For working with DAVID database, needed gene IDs for high quality reference hits. Used the RefSeq protein database targeting Apis mellifera and Drosophila as preliminary examination by Sara showed these returned the most hits that were in the DAVID database.

The following script

  • downloads the RefSeq protein database,
  • makes a database alias for Apis mellifera and Drosophila as explained here but using taxid 7460 for Apis mellifera. note that the ‘gi.list’ file needs to be created and in the directory before running the script
  • runs blastx in parallel creating a file in BLAST archive format


## download newest version of database using `update_blastdb.pl` script
update_blastdb.pl refseq_protein

## uncompress files
for filename in *.tar.gz
    tar zxf $filename

## make alias to A. mellifera and Drosophila
blastdb_aliastool -gilist ../amellifera_drosophila_gi.list -db refseq_protein -out refseq_protein_amellifera_drosophila -title "Apis mellifera and Drosophila Refseq Protein database"

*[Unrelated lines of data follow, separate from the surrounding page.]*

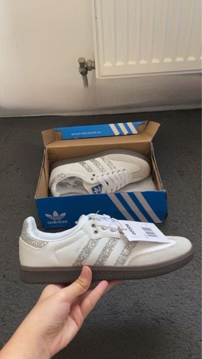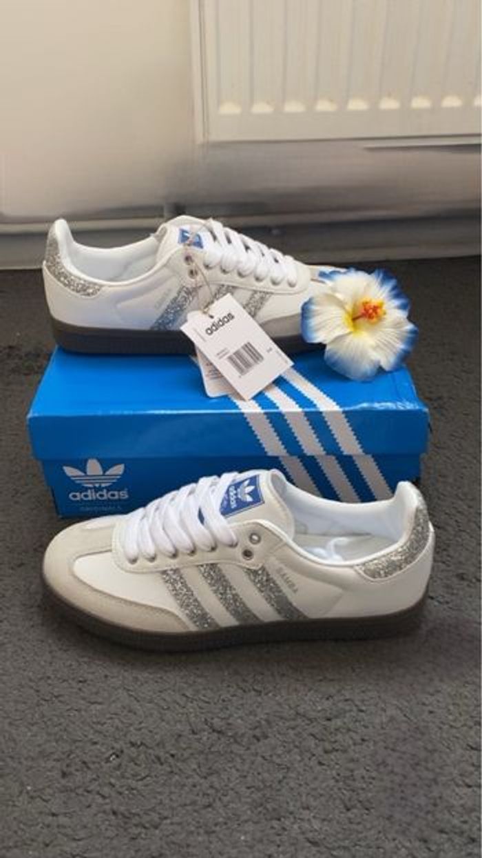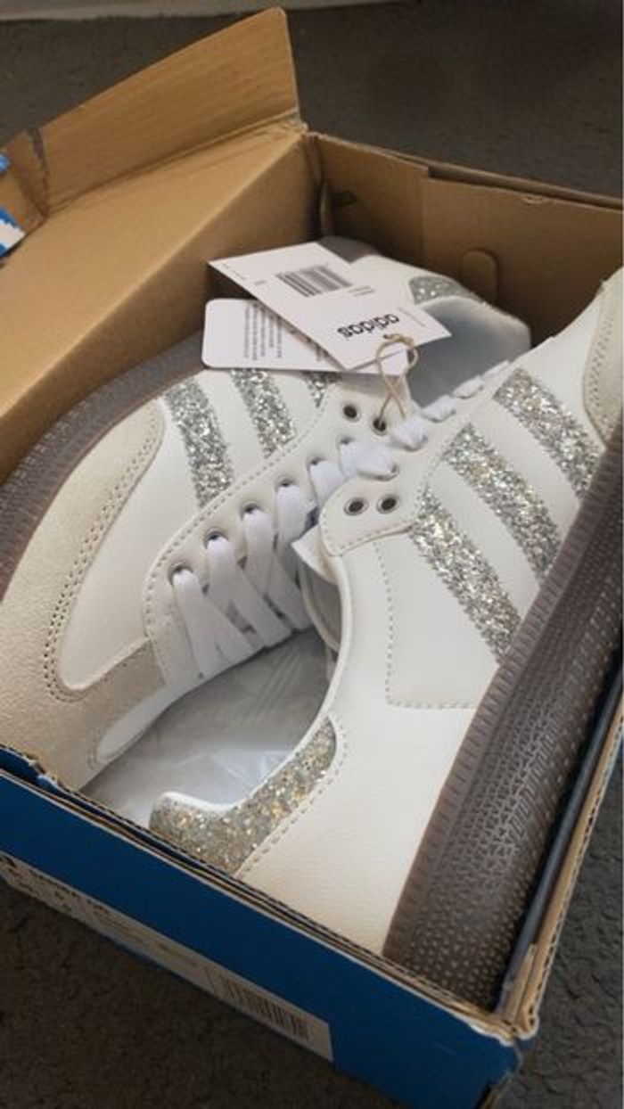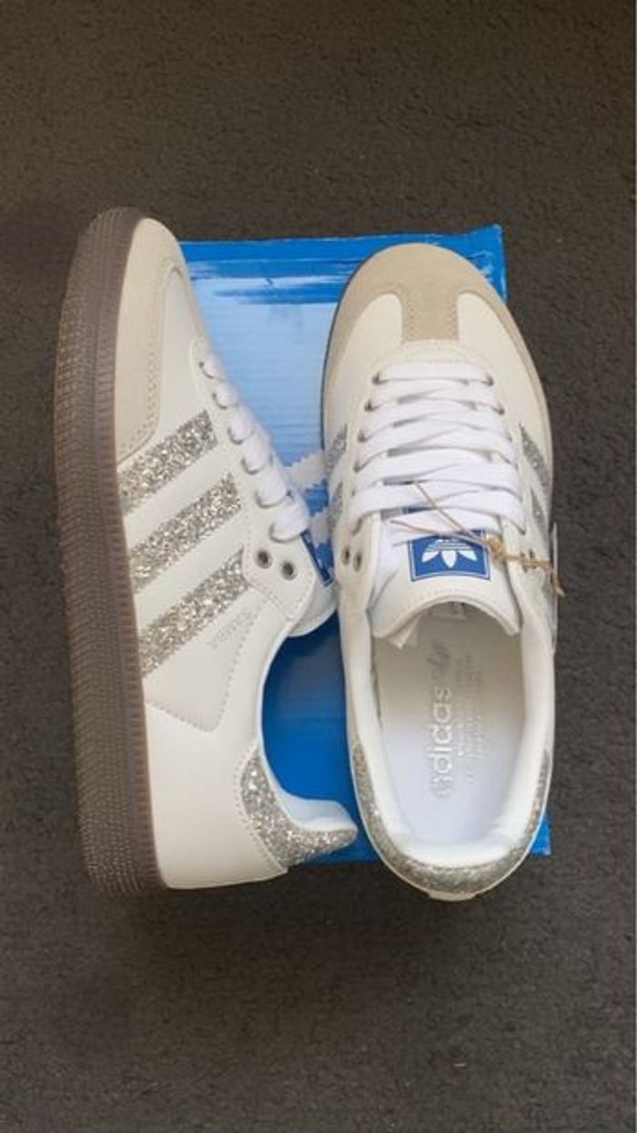 • Pointure: 39 • Couleur: blanche (motif pailleté) • Etat: Neuf avec étiquette • Inclus: boîte d'origine + papier de protection Envoi en 24h et soigne.
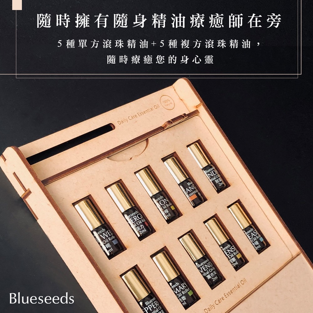 Blueseeds 每日療癒精油組,是你最棒的隨身芳療師! 整組內有10款單複方精油,統整了『身』『心』『靈』層次的新一代療癒概念。整組包裝輕巧且能滿足每日能量所需,同時可照顧孩子與我們的家人,絕對是隨身最佳的療癒舒緩小幫手。
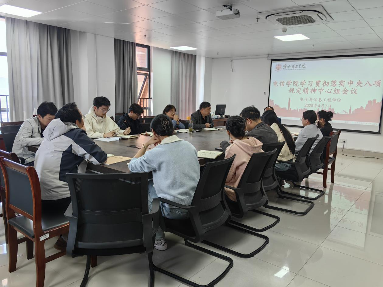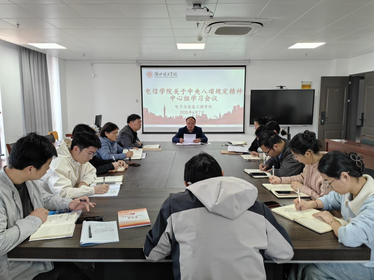 2025年4月7日,MG冰球突破网站在行政楼713会议室召开中心组会议,专题学习贯彻落实中央八项规定精神。本次会议由院党总支书记朱昌杰主持,院党总支委员、各党支部书记、各学科带头人及各教研室主任参加会议,旨在通过深入学习与研讨,推动学院作风建设常态化长效化,为学院高质量发展提供坚强保障。

# blastx using GNU parallel 
cat $transcriptome | parallel -j 8 --block 100k --recstart '>' --pipe blastx -evalue 0.01 -max_target_seqs 1 -outfmt 11 -db  refseq_protein_amellifera_drosophila -query - > ApTranscriptome_parallel_blastx_refseq_protein_amellifera_drosophila

I then created a table format file with 1 hit per query using blast_formatter:

blast_formatter -archive ApTranscriptome_parallel_blastx_refseq_protein_amellifera_drosophila -max_target_seqs 1 -outfmt 6 -out test6

Of the initial 105k transcripts, 29,080 had BLAST hits to the Apis mellifera & Drosophila RefSeq protein database. This is the file I then used for DAVID.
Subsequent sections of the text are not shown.